Fenerbahçe’ye kök söktürüp bir hafta sonra Göztepe’ye boyun eğiyorsan, Başakşehir gibi bir rakibe sahayı dar edip sonraki maçta 3-0’lık avantaja rağmen Alanyaspor’a teslim oluyorsan, Beşiktaş cehenneminden puan çıkarıp, ardından Akhisarspor’a utanç verici bir skorla yeniliyorsan, Ersun Yanal’ı günah keçisi ilan edip kurtulamazsın bu sonuçların vebalinden.
İşi kolay değil
Rıza Çalımbay, Türk futbolunun en bilgili ve deneyimli hocalarından biridir. Üstelik de zekidir. Gerçekleri geldiği günden itibaren tespit ettiğini ve karşılaştığı tablonun vehametini anladığını iyi biliyorum. Onun “bize zaman lazım” saptamasının, Yanal’ın her mağlubiyetten sonra avans istemesinden farklı olduğunu da hâkeza! Durumu idare etmekle, durumu kurtarmak arasındaki fark gibi bakış açıları.
Ne diyor Rıza hoca? “Sezon başında gelseydim çok daha farklı bir kadro kurardım.”
“Bazı oyuncular takım olma kriterlerine uymuyor?”, demek mi istiyor acaba?
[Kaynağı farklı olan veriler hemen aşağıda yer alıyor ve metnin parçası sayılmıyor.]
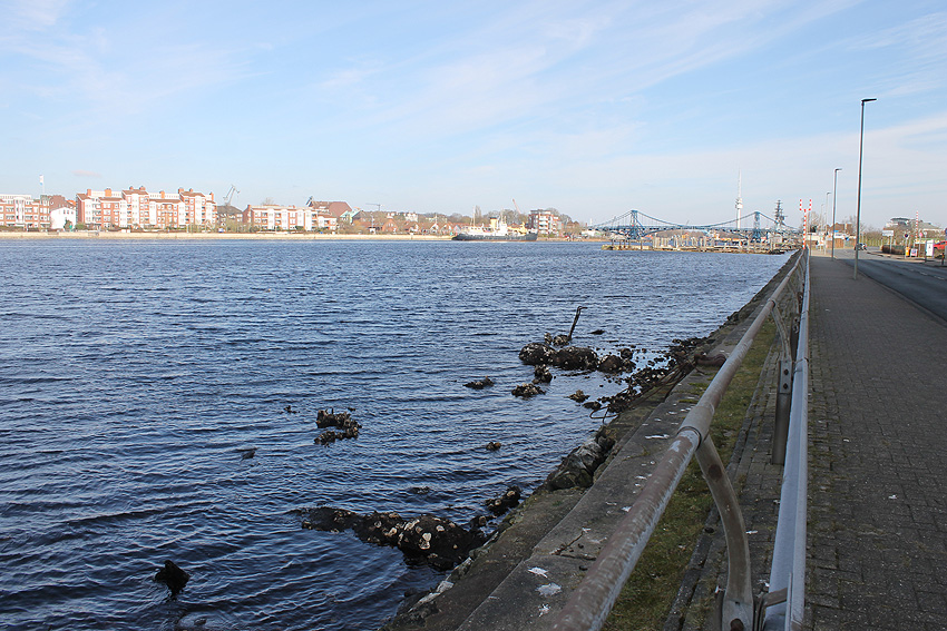 Seydlitzbrücke nördlich des Bunkers: Ursprünglich erstreckte sich die Seydlitzbrücke über den gesamten Südbereich des Hipperhafens in etwa vom West-Bereich des Südanlegers der Grodenfähre bis zum Ost-Bereich "Planschbecken". 1945 waren von den Konstruktionen der Brücke an der Kaimauer über dem Hafenwasser aber nur noch Bereiche mittig-östlich* und ganz westlich Richtung Grodenfähre vorhanden. Siehe dazu folgendes Bild mit "Monte Pascoal".

Zaman gösterecek ne anlama geldiğini!
Peki, yöneticilerin hiç mi suçu yok bu tarz krizlerin yaşanmasında? Camianın aklıyla alay edercesine, sadece cebini doldurmak için gelen oyuncuları tercih etmek midir yöneticilik? Gerçekçi olmayan vaadler ile taraftara hoş görünmeye çalışmak, işler kötü gidince hedef küçültmek midir liderlik? Mevcut borcu kısa sürede ikiye katlamak mıdır kulübe hizmet?
Kimse Ersun Yanal’a kızıp, faturayı ona çıkarmasın. Yanal’ı kolundan tutup bu takımın başına getiren ve bu uğurda yönetici arkadaşını karşısına alan, zamanla “tek adamlık” rolünü sevip, kendi şirketini idare eder gibi kulüpçülük yapanlardır, sorumlu listesinin başındakiler.
Çalımbay son şans!
Rıza hocanın Trabzonspor için son şans olduğunu düşünüyorum. İlk yarı bitimine kadar dördü deplasmanda yedi maçı var. Elbette 21 puan çıkarmasını beklemiyor kimse. Takım içindeki sorunları çözmek, futbol felsefesini oyunculara kabul ettirmekten daha zor. Tabii bir de gözden çıkarıldığını düşünen, küsen, gitmeyi kafasına koyan futbolcuları kazanmak var işleri arasında.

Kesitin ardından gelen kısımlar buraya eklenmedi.